In Form eines Anhängers gearbeitet, ist die Uhr dabei in einen wunderschönen facettierten Smaragd in der Größe eines Hühnereis eingebettet und mit einem hellgrün durchscheinenden aufklappbaren Deckel versehen – ebenfalls aus Smaragd. „Das Schmuckstück an sich ist schon atemberaubend, so etwas gibt es auf der Welt kein zweites Mal. Das muss man sich einmal vorstellen: ein riesiger Smaragd, in dem eine Uhr eingearbeitet ist! Und wenn man aber dann auch noch die Geschichte dazu hört, kann man nicht anders, als in Ehrfurcht zu erschauern“ sagt Christoph Köchert dazu.

Es ist immer ein aufregender Moment, wenn kaiserliche Schmuckstücke aus dem Haus Köchert wieder auftauchen, wie zum Beispiel die prachtvolle Diamant-Brosche mit großen Orient-Perl-Tropfen, deren Entwurfszeichnung sich im umfangreichen Archiv erhalten hat.

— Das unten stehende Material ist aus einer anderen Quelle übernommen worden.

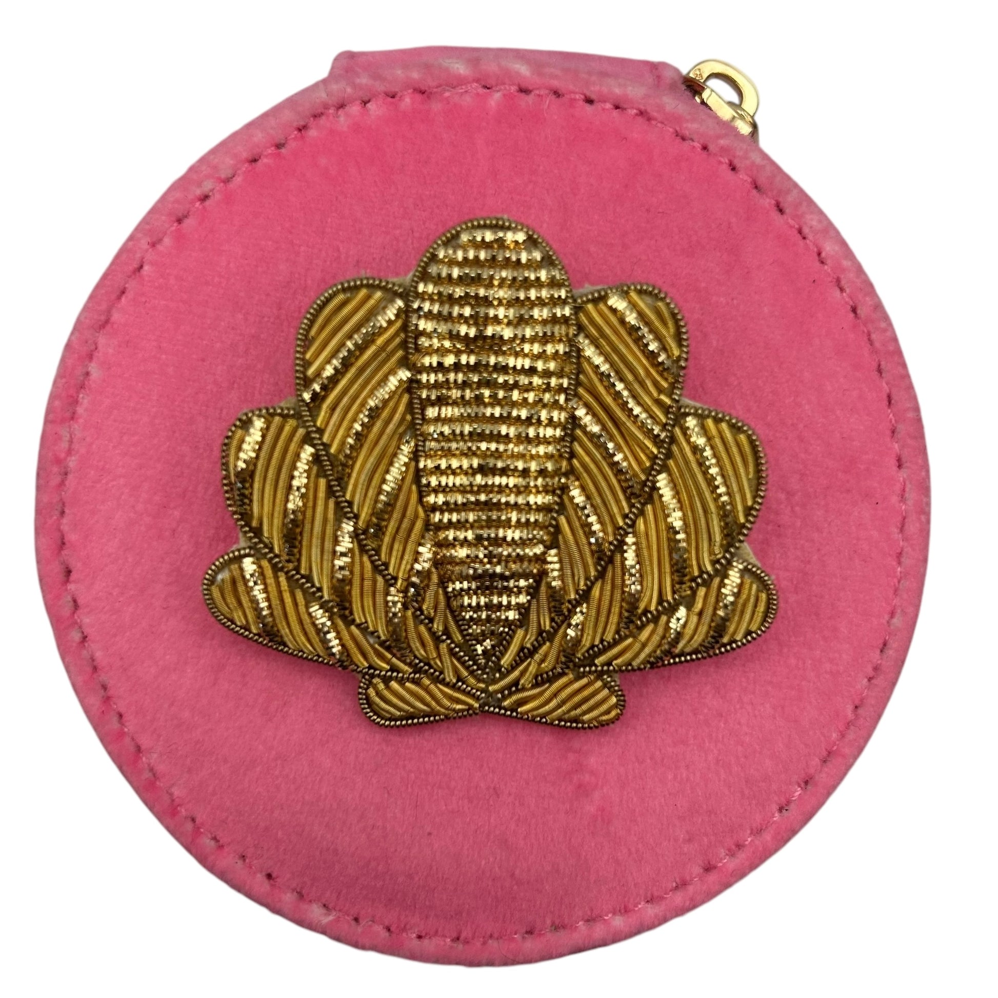 A cute little jewellery travel pot in pale pink, made from recycled materials, with a detachable hand embroidered brooch.

Zwei weitere interessante Stücke sind eine Maschenbrosche und eine große prominente Hutnadel in den ungarischen Nationalfarben grün (Smaragde), rot (Rubine) und weiß (Diamanten), die mit großer Wahrscheinlichkeit aus den 1860er Jahren datieren und im Zusammenhang der ungarischen Krönung Franz Josephs und Elisabeths bestellt worden sein dürften.

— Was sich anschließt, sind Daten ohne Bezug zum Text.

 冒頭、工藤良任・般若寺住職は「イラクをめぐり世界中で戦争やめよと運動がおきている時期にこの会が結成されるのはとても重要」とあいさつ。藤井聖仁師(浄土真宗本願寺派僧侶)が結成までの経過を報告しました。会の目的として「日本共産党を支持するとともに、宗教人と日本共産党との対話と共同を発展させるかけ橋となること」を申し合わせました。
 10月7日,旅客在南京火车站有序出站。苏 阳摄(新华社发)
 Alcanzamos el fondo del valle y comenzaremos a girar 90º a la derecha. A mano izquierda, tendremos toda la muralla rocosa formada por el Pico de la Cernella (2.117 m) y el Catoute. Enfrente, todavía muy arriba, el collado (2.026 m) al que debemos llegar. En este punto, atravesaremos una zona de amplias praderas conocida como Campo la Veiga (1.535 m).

Ein weiteres Highlight der Sammlung ist eine Taschenuhr, ebenfalls aus dem Besitz von Marie-Antoinette. Das Besondere an dieser Uhr ist, nicht nur dass diese von Jean-Antoine Lepine – dem einzigartigen und weltberühmten Uhrmacher der französischen Könige – angefertigt wurde, sondern auch, dass sie auf Ihrer Rückseite, hinter einem Glasdeckel verborgen, eine Haarlocke enthält. „Von wem dieses Haar stammt? Von Marie Antoinette selbst, von Maria Theresia, ihrer Mutter, Ludwig XVI, ihrem Mann, oder einem ihrer Kinder? Man weiß es nicht und wird es wahrscheinlich nie wissen und genau das ist auch das Faszinierende daran.“, meint Christoph Köchert.

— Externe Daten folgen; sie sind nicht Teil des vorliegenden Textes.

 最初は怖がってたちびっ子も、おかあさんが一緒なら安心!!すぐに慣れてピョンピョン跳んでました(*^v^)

Der Schmuck der berühmtgewordenen Vitrine XIII. galt seit Ende 1918 als verschollen. Er sollte Kaiserin Zita auf ihren Stationen im Exil auf der Flucht vor den Nazis bis nach Kanada begleiten. Kurz vor ihrem Tod verfügte sie, dass der Verbleib der Juwelen frühestens 100 Jahre nach dem Tod Kaiser Karls bekanntgemacht werden dürfe. Um den Erhalt des historisch gewachsenen und bedeutenden Ensembles für die Zukunft zu sichern, brachte die Familie den Schmuck nun in dessen neuer Heimat Kanada in eine Stiftung ein, wo er in absehbarer Zeit der Öffentlichkeit zugänglich gemacht werden soll.